__STORED DATA__
______________________________

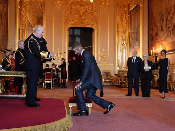 Na svečanoj ceremoniji održanoj u dvorcu Windsor, kralj Charles uručio je nekadašnjoj nogometnoj zvijezdi, Davidu Beckhamu, vitešku titulu za zasluge u sportu i humanitarnom radu.
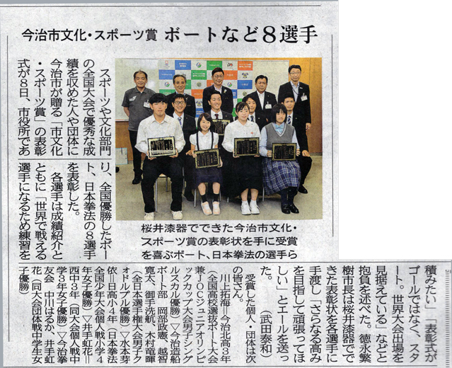 スポーツや文化部門の全国大会で優秀な成績を収めた人や団体に今治市が贈る「市文化・スポーツ賞」の表彰式が8日、市役所であり、全国優勝したボート、日本拳法の8選手を表彰した。
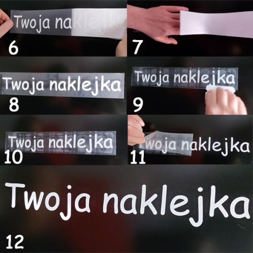 7. przyklejaj naklejkę powoli usuwając podkład papierowy.

______________________________

__WHAT IS NEEDED__
Set down word for word the lines beginning with the one containing "スポーツや文化部門の全国大会" and ending with the last line of the listing, inclusive. Omit every picture.

__ANSWER SECTION__
 スポーツや文化部門の全国大会で優秀な成績を収めた人や団体に今治市が贈る「市文化・スポーツ賞」の表彰式が8日、市役所であり、全国優勝したボート、日本拳法の8選手を表彰した。
 7. przyklejaj naklejkę powoli usuwając podkład papierowy.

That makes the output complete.